Semuanya sudah selesai sholat tentu saja Anna dan ibunya sholat setelah kaum Adam selesai sholat Jum'at.


Saat ditempat belanja dan makan siang Anna beberapa kali mengambil foto kebersamaan mereka, tentu saja ini merupakan persiapan Anna jika rindu keluarga Anna bisa melihat foto mereka.


****


Sampai di rumah Nenek, terlihat Lusi sedang menyuapi Arkan tengah duduk di teras rumah Nenek.


Melihat Ibrahim keluar dari mobil, Arkan berlari ke arah nya, tubuh pendek berisi itu langsung dipeluk Ibrahim dan menciumnya.


"Makannya sudah selesai Nak?" tanya Ibrahim sambil berjalan kearah Lusi yang sudah berdiri dari duduknya.


"Makannya sudah habis, tapi belum minum." jawab Lusi.


"Minum dulu jagoan." ucap Ibrahim, menyodorkan gelas berisi minuman ke mulut Arkan.


"Mas, ajak kita jalan - jalan ya." pinta Lusi.


"Hari ini Mas gak bisa, sekarang harus segera perusahaan, tadi hanya izin sebentar, hari minggu saja kita jalan-jalannya sekalian ngantar Anna sekolah." ucap Ibrahim sambil menurunkan Arkan dari gendongannya.


Ibrahim masuk kedalam rumah mengambil kunci motor yang ia gantungkan di dinding ruang tamu.


"Ayah kerja dulu ya Nak." ucap Ibrahim sambil mengusap kepala Arkan yang sudah digendong Lusi.

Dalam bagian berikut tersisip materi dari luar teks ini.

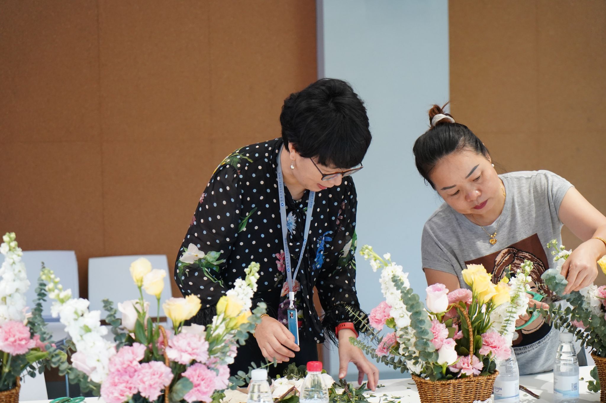 活动伊始,向所有女同胞们送上节日祝福。随后由插花老师为大家讲解花艺知识、插花造型及花语。在插花老师的指导下,大家修枝剪叶,精心搭配出各种造型,展现不同的美。

Ibrahim pergi tanpa melihat wajah istrinya yang sudah menegang karena menahan marah.


Lusi masuk kerumah, diruang Tamu sudah duduk Nenek, Kakek, Ira dan Anna, Lusi ikut bergabung dan duduk bersama mereka, sedangkan Arkan dibiarkan main sendiri dilantai ruang tamu.


"Lusi, mobil yang kami bawa tadi adalah mobil yang dibeli Ibrahim, kamu harus tahu, mobil itu dibeli dengan cara meminjam uang dari Ira, bapak harap kamu mendukung Ibrahim untuk membayar hutang tiap bulannya, karena uang itu untuk biaya sekolah Anna, apa kamu bisa memahami ini Lusi?" tanya Kakek dengan wajah serius.


"Baik Yah, Lusi paham." ucap Lusi sambil menundukkan kepala.


"Jika ada masalah jangan pergi dari rumah, kamu harus berfikir jernih, kamu juga sudah punya anak." ucap Nenek tegas.


"Apa ada masalah dengan Ibrahim yang tidak kami ketahui Lusi?" apa dia menyakiti fisik mu?" tanya Ira


"Ya bicara lah." ucap Kakek.


"Tidak, Ibrahim tidak pernah menyakiti fisik ku." ucap Lusi.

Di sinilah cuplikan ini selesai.